Henry Winkler in it "Barry" Season 4 Episode 1

Henry Winkler in Barry

Merrick Morton/HBO

This stretch of “Barry” devolves into a messy psychological game of musical chairs, where the last person to say “I love you” walks away thinking they’re the winner. In “Yikes,” it’s Fuches, a man so disconnected from his sense of self that he barely even has a name. For self-preservation, he goes to the alliance, hoping that with some cooperation, he can gain protection for him. Hader, the director of all eight episodes this season, frames the padded walls of the FBI room like the cuddly sides of a compactor, ready to crush anyone who tries to do business inside. Fuches has long sought to transact such relationships, especially when it involves exploiting the most depraved people.

So as “Barry” begins to descend and begins to land, Barry becomes something that others can use again. A tool for plea bargaining. He is someone Sally can reject to set healthy boundaries. Maybe that’s why he slams his fist into the concrete wall, using a mirror both to berate himself and the bad person he’s convinced himself to be.

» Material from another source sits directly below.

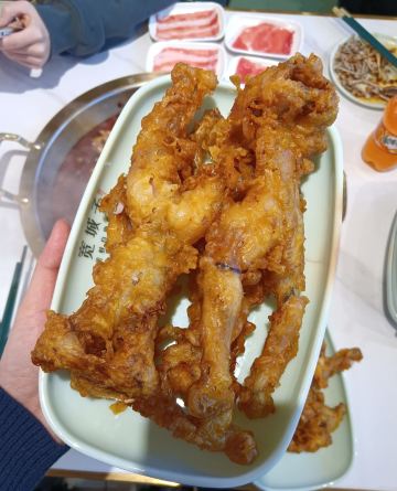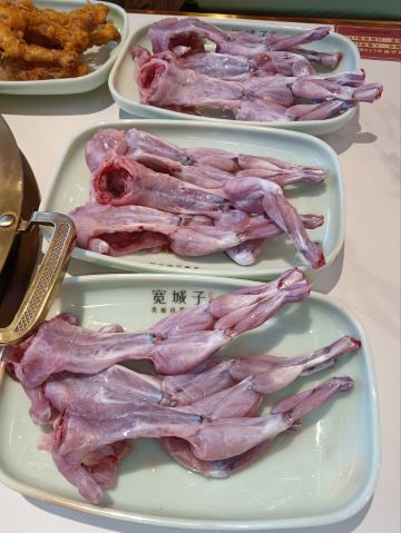 旅游度假杀生了,得吃几天斋了。 牛蛙上来还是活的!活牛蛙自助不限量续加。 自助取菜柜子干净时尚。菜品丰富,还有水果,冰激凌,冰粉。怪不得要排号等位。 从苏州已经开到北京了。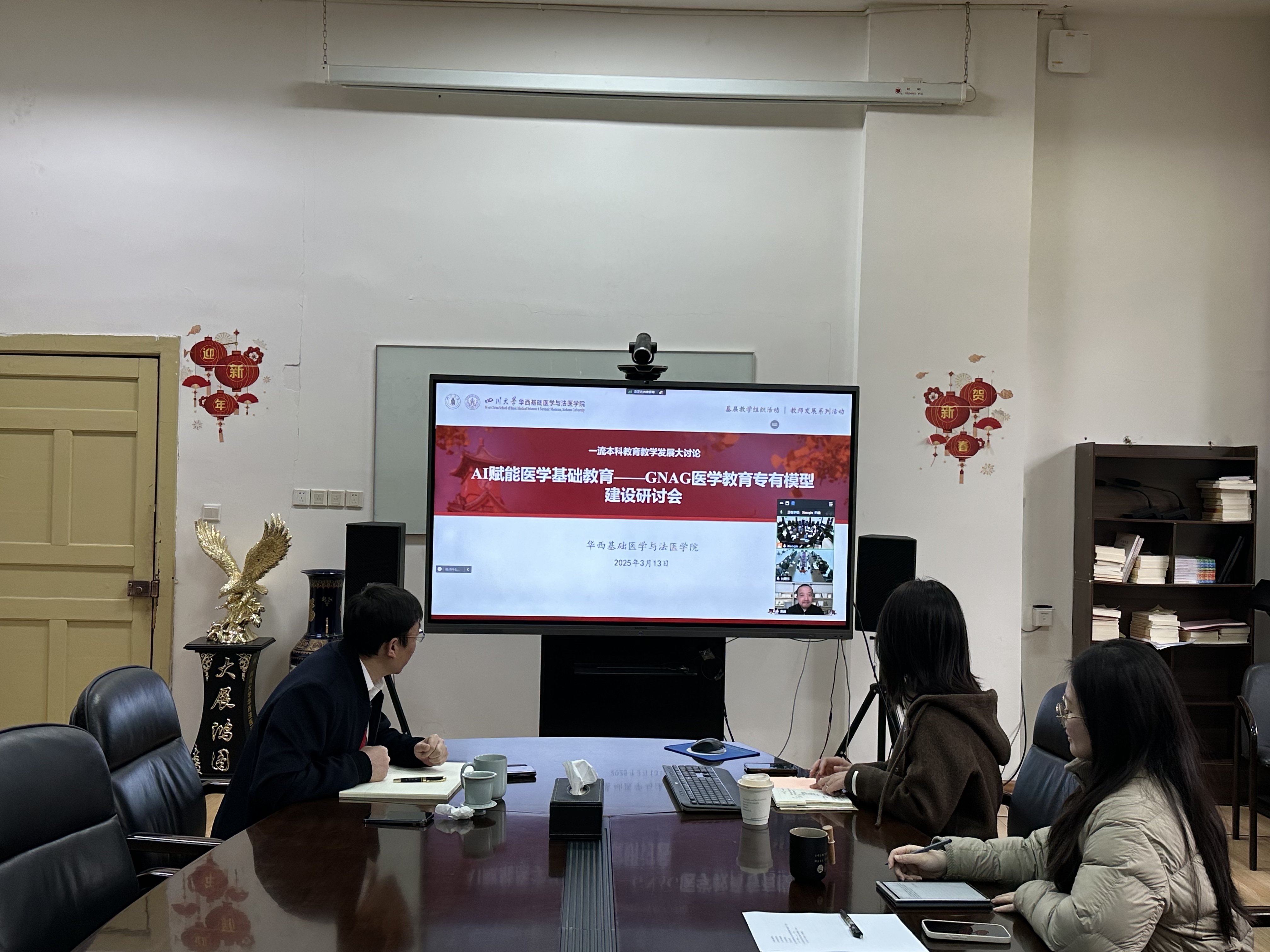 为深入贯彻落实学校AI深度赋能一流本科建设行动计划,永利官网梁伟波教授带领其教改项目团队于3月7日、3月11日、3月13日举行了“AI赋能医学基础教育——GNAG医学教育专有模型建设”系列研讨会。会议由教学副院长梁伟波教授主持,教学科全体成员参与,并分别邀请了院内各学科的教师代表、川北医学院基础医学相关课程负责人、成都泰盟软件有限公司的研发团队以及电子科技大学计算机科学与工程学院的宋超副教授共同研讨。

Whatever the reason, in an episode where his former friends and loved ones couldn’t resist the allure of their true nature, here’s Barry in the prison bathroom, deciding to take on a new role. The seemingly kind guard offers him the classic “Bloodline” defense that he only did bad things and is not a bad person. Driven by anger, guilt, or shame, Barry chooses a role to punish himself. This is not a fountain of blood flowing from his head wounds. It is the slow, gentle lapping of the waves on the shore. Barry’s balance is at its most menacing with a Zen-like acceptance of consequences in pure late-period “Barry”: highlight everyone’s low points before subtly showing people all the possible ways to dig themselves even deeper.

grade: A-

“Barry” Season 4 airs Sundays at 10 p.m. on HBO.